可那也是因為她太惹人惱怒,他都已經把證據擺到了她的面前,表明他愿意給她一個退路,她卻絲毫不領情。
好吧,他承認方才跟她說話的語氣的確是有些許沖人,他不該那么嚴厲與兇狠。
蒲挽歌是他的妻子,而非昭獄的牢犯,氣血翻涌之下,他才克制不住,對著她兇。
但他真的不是有意的,這件事情他也受了委屈,她卻怎么都不肯低頭,甚至連一句好聽的話都沒有。
他苦口婆心跟她講了那么多,縱然語氣的確不怎么好,但她何至于就淡淡且十分氣人的回了一個哦,而后還不耐煩打斷問他何時才能和離?
他真的想讓她別說,這才用了十分孟浪的方式強行要吻她。
晏池昀雖然感受到了眼前人復雜翻覆的情緒,但實在看不懂她的委屈從何而來,仔仔細細反思了一番,甚至鬼迷心竅覺得他是不是不應該那么強勢踢開那道門?撕破了她的體面?
思忖期間,他的余光掃到散落在地上的卷宗和信箋,驀地想到她的哭泣,該不會是因為程文闕對她的欺騙吧?
適才她看了卷宗,加上他給她剖析利弊,把程文闕靠近她的目的說了出來,還把程文闕倒打一耙的審問結果也擺到她的面前。
她嘴上漠不在乎,心里說不定就像是四妹妹那樣難過而不能自抑?
程文闕背叛她的舉措,無異于那日她對他這個丈夫的背叛。
他那日都無比惱怒她的紅杏出墻,想必她今日也是生氣的。
但是就為了那么一個軟骨頭的廢物男人何至于掉眼淚?
晏池昀被打的臉依舊泛著疼,思緒轉了一圈,被打被羞辱的滔天怒火逐漸消散而去,他慢慢冷靜了下來。

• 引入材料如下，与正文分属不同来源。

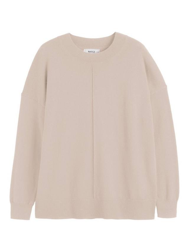 Этот свитер свободного кроя излучает непринужденную привлекательность. Он связан тонкой вязкой из смеси шерсти и кашемира и украшен рельефным швом по центру переда.

看著眼前眼角噙著淚光的女郎,一時之間竟不知道說些什么,“……”
蒲矜玉不想哭的,也竭力在忍了,可是一想到姨娘,眼淚便不受控制。
她不想任何人看到她的脆弱,尤其還是這個高高在上企圖教她做事的愚蠢男人。
他看起來是生氣的,但他不說話,也沒有拂袖而去,亦或者震怒到極點抬手就要殺了她。
只堵在她面前凝視著她做什么?他沒被打夠嗎?
蒲矜玉自覺情緒有些失控,不想跟他繼續面對了。晏池昀身形高大,擋在前面,她要下去,只能推開他。
她早就厭倦了戴著面具生活,也不想強顏歡笑繼續應付,她抬手就要推開他,說話也不客氣,“滾開!”
晏池昀不過是在走神的片刻,居然就被她猛然推退了半步,看著她靈活跳下圓桌,抬腳就要往外走。
他忙上前拉住她的手腕,“你去哪?”出口之時,聲音還是一貫冷.硬.的。
一想到方才活絡的思緒,他緩了緩聲線,可要再次開口又不知說什么,便加重了攥捏著她手腕的力道,不叫她離開。
蒲矜玉覺得他的手掌過于寬大灼熱,好似一把枷鎖,要牢牢鎖控住她。
她煩透了這層感受,她掙扎抗拒,“我讓你滾開!”她不僅上手,還上腳,絲毫不客氣踢打他,活像是刺猬。
制服蒲氏一個弱女子當然很簡單,但晏池昀又不好對她動手,怕不小心傷到她,尤其此刻她的情緒失控,很不對勁。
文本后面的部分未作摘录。